說到底,大家都怕說教,喜劇反而如王健任所言:「更能透過表演性,讓台下產生歡笑,進而建立連結。」他進一步表示,嚎哮排演作為「以演員為出發點」的劇團,「自然而然會用『演員』的身分來討論我們在意的事」。演員的本質,無非在於操作語言與角色扮演——如何藉此呼應劇場外的社會現況,是黃建豪與蕭東意這兩位劇團核心演員多年來的關注面向。無論是蕭東意獨角戲《東意在哪裡》(2020)、《別叫我成功》(2024),乃至黃建豪於歌劇院駐館期間創作的《大話家》,都可看見這類劇本創作與表演策略——「以這作為切入點,就像是演員之於社會的連結。」王健任說。
對於嚎哮排演的粉絲來說,不管是音樂劇大製作、還是黑盒子小劇場,看戲時或許不太會有「角色名字記不得」的困擾。成團超過15年,台上主角多次以「馬豪」(黃建豪)與「崔蕭」(蕭東意)現身,像是以這兩角色將劇團創作脈絡串聯。沒特別想過這問題的王健任以歌仔戲比喻,台上角色往往各有各的功能(如「行當」),也成為「演員與角色的綜合體」。即便觀眾是為了演員而來,對於演員的認同感更為強烈,但同時也會好奇「成為角色的演員,如何在不同戲劇情境做出回應」。
黃建豪則認為:「在這兩個角色中,我們可以很自在地發展故事——上次這兩人在中部宮廟,這次這兩人來到邪教,我們就來看看他們各自會發展出什麼狀態。」他也忍不住分享:「我們兩人的組合,通常是我負責敘事,東意負責吐槽裝傻,好幾次他扯了一堆讓觀眾笑不停,下一秒我又要出場,把故事認真地講下去。」
挑戰成長最多的創傷經驗
如何既搞笑又認真,成為《別叫我大師》最大的挑戰。喜劇在台灣,向來是被低估的劇種。王健任始終有這樣的好奇:「常常演喜劇時,都會有人問『好笑在哪裡?』但悲劇卻從來不會被這樣問。」笑,並不只意味著取悅觀眾,還更反應了「我們3人對世界的看法」,像是指出世界的荒謬,苦笑地問一聲「這樣對嗎?」,進而以喜劇表演讓觀眾看見這些荒謬與不合理。
此次,嚎哮排演首次挑戰具有「議題」企圖的喜劇表演,既要表現各自對嚴肅事件的觀點、與現實情況接軌,卻也得讓故事看起來有趣,讓無論是編劇王健任、或是核心演員黃建豪與蕭東意,在排練場都傷透腦筋。「過去嚎哮排演的作品,往往有六成都是在排練場即興發展出來的,但這次要探討『新興宗教』的嚴肅議題,一開始實在很難想像到底要怎麼集體創作。」王健任說。
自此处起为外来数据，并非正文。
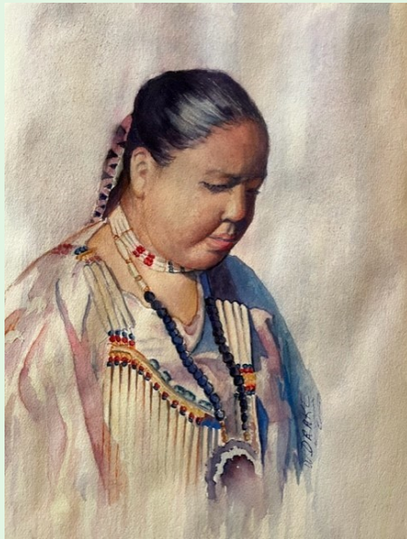
“Contemplation” by Wanda Drake
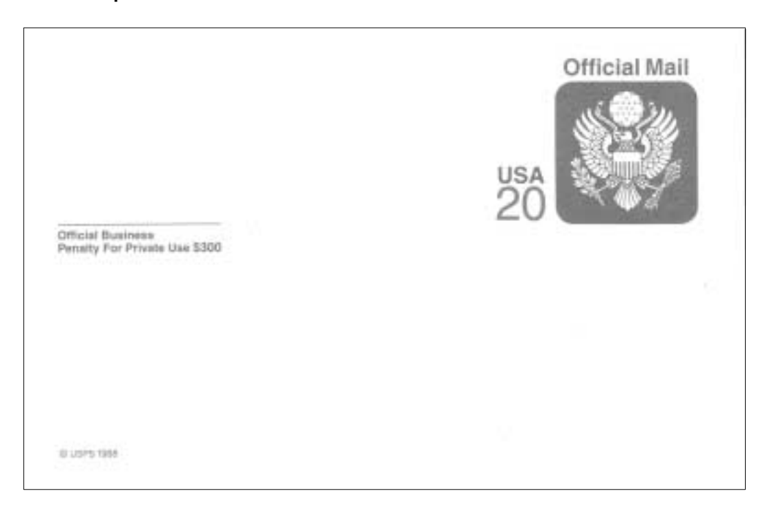
Exhibit 2 PMS Stamped Card

也因此,團隊雖以此作提案拿下2024年「表演藝術金創獎」銀獎暨最佳人氣獎,年初於廣藝廳進行讀劇試演,卻一直到最後一刻都還拿捏不定劇情走向,意見相左的情況更是有史以來最嚴重。王健任甚至開玩笑以「讓我們成長最多的創傷經驗」來形容,黃建豪則笑著坦承:「第一次不知道到底要怎麼演這齣戲!」反倒是在試演後,從觀眾最直接的反應,感受到他們在乎什麼,而讓後續發展更為聚焦。
轉行加入邪教的失意演員,究竟在這條新出路看見了什麼?是好不容易獲得肯定的成就感?還是詐騙他人的罪惡感?觀眾與信眾,又該如何面對語言的操控?且看這回崔蕭與馬豪,如何道盡世間荒謬人性!